Additional Disclosures for Washington (MHMDA) & Nevada (SB 370)

If you are a resident of Washington or Nevada, you have specific rights regarding "Consumer Health Data" as defined by state law. We strictly prohibit the sale of Consumer Health Data. We do not implement geofencing around entities that provide in-person health care services.

8. International Data Transfers

Migraine Trail operates globally. Your personal information may be transferred to, stored, and processed in a country different from your own.

If we transfer personal data from the EEA, UK, or Switzerland to countries that have not been deemed to provide an adequate level of data protection, we rely on appropriate safeguards, such as the European Commission's Standard Contractual Clauses (SCCs) or the EU-U.S. Data Privacy Framework (where applicable), to ensure your data remains protected.

9. Data Retention

We retain your Consumer Health Data only for as long as is necessary to fulfill the purposes outlined in this policy, unless a longer retention period is required or permitted by law.

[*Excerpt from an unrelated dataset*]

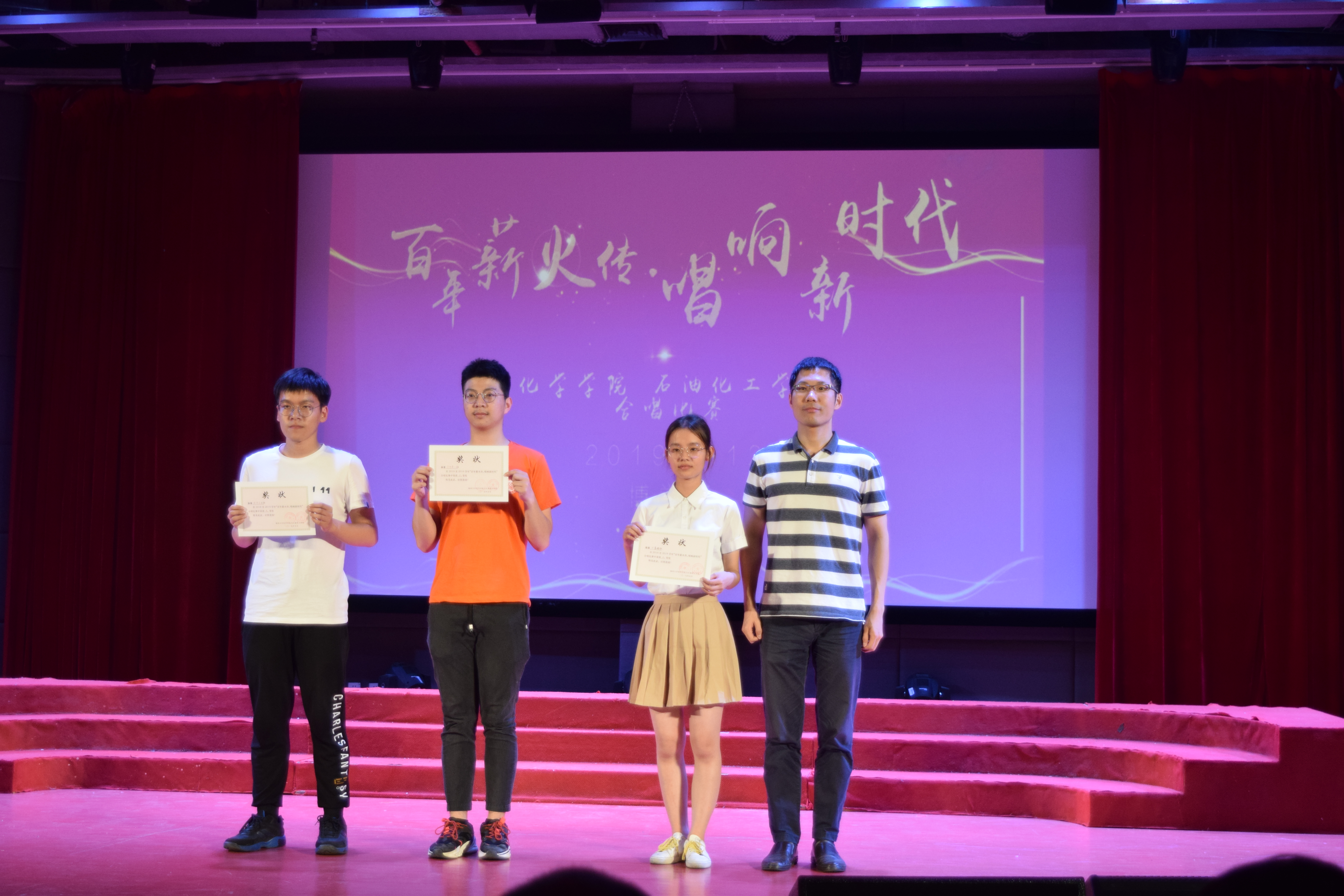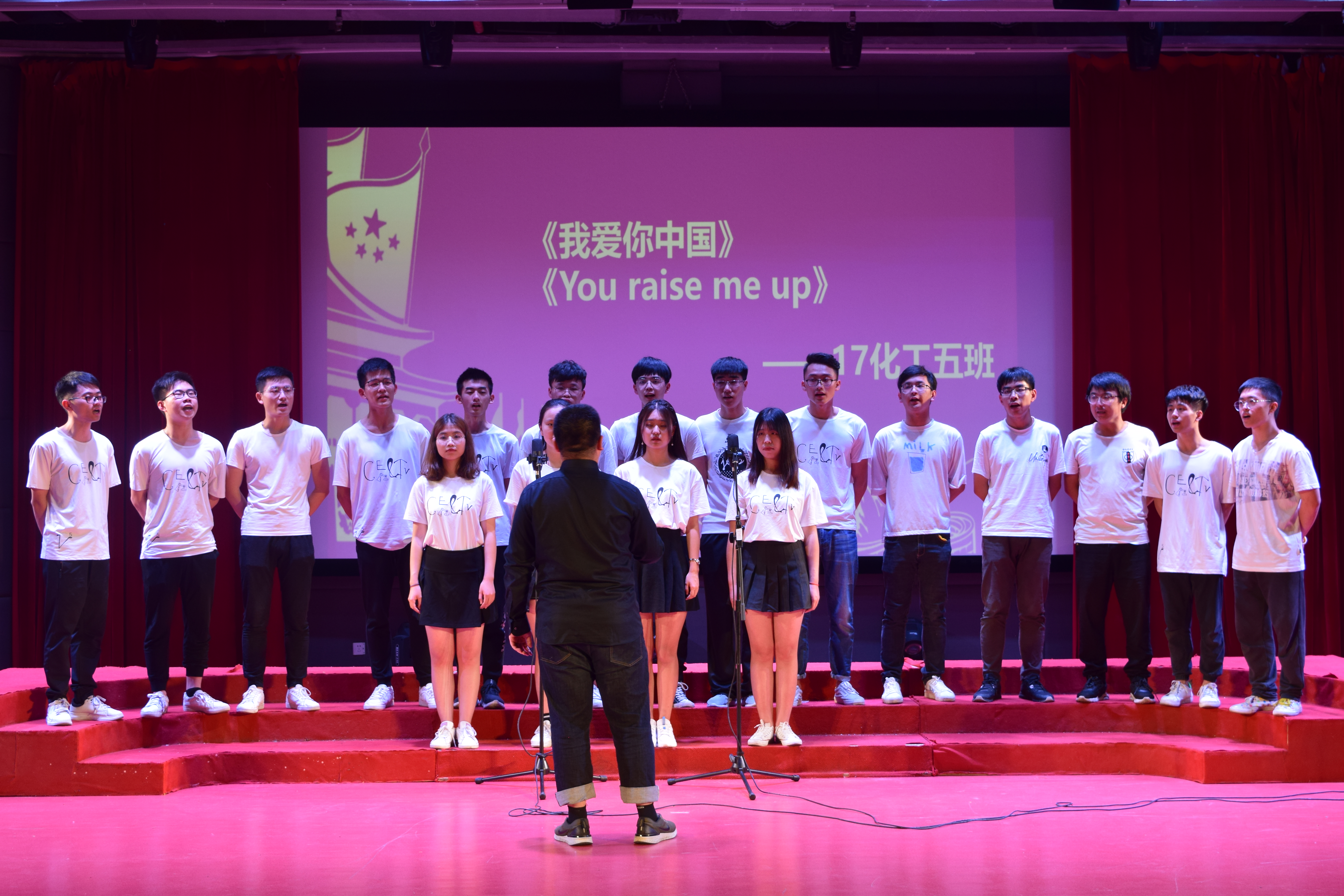 一曲《天耀中华》,17级化工4班的学子们在激昂的歌声表达出对祖国的声声眷恋。少年是诗,华章宏赋书人生辉煌;青年是歌,交融混响谱志气荣光。17级化工5班为大家带来《我爱你中国》+《You rise me up》将那血浓于水的情感表现出来,我爱你,我的母亲,我爱你,中国!而18级化工5班带来的歌曲《没有什么不同》+《黄河大合唱》和18级化工4班带来的合唱歌曲《明天你好》,则将青年们志强不息、奋勇拼搏的精神展现出来,重温经曲,忆苦思甜,让我们用嘹亮的号角唱响无悔的青春!
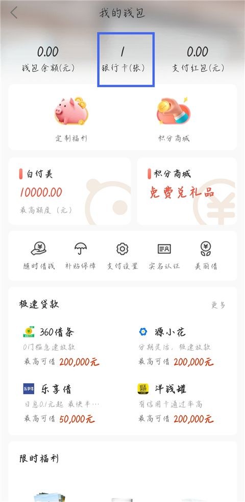 2、点击【银行卡】。

  • Active Accounts: We retain data while your account is active to provide you with history and analytics.
  • Deleted Accounts: When you request account deletion, we will delete or anonymize your Consumer Health Data within 30 days.
  • Backups: Residual copies in backup systems will be deleted in accordance with our backup retention schedule (typically within 90 days).

10. Security of Your Information

We maintain comprehensive administrative, technical, and physical safeguards designed to protect your Consumer Health Data. These include:

  • Encryption of data in transit (TLS 1.2+) and at rest (AES-256).
  • Strict access controls and multi-factor authentication for administrative access.
  • Regular security assessments and vulnerability scans.
  • Data minimization practices to collect only what is needed.

However, no method of transmission over the Internet or method of electronic storage is 100% secure. While we strive to use commercially acceptable means to protect your personal information, we cannot guarantee its absolute security.

11. Children's Privacy

Our Service is not directed to anyone under the age of 13 (or 16 for residents of the European Economic Area (EEA) and the United Kingdom (UK)). We do not knowingly collect specific Consumer Health Data from children. If we become aware that we have collected Consumer Health Data from a child without verification of parental consent, we take steps to remove that information from our servers.

12. Exclusions and Unsolicited Information

This Health Privacy Policy does not apply to any unsolicited information you provide to us through public channels, such as social media pages, forums, or directly via email or support tickets regarding new product ideas, feature requests, or business proposals (collectively, "Unsolicited Information").

All such Unsolicited Information shall be deemed to be non-confidential, and we shall be free to reproduce, use, disclose, and distribute such Unsolicited Information to others without limitation or attribution. Please do not share any sensitive personal or Consumer Health Data in public forums or social media comments.

13. Medical Disclaimer

Not Medical Advice: Migraine Trail is designed to help you track, analyze, and communicate your health data. However, under no circumstances is our App meant to make a medical diagnosis, provide treatment recommendations, or replace professional medical advice. For a proper diagnosis of your medical condition or treatment plan, we strongly advise you to consult a licensed physician or relevant healthcare professional.

14. Contact Us

If you have any questions about this Consumer Health Data Privacy Policy, please contact our Data Protection Officer (DPO) and privacy team:

Migraine Trail Privacy Team

Email: privacy@migrainetrail.com

Note to Users: This policy is a legally binding agreement between you and Migraine Trail regarding the use of your health data. Please read it carefully.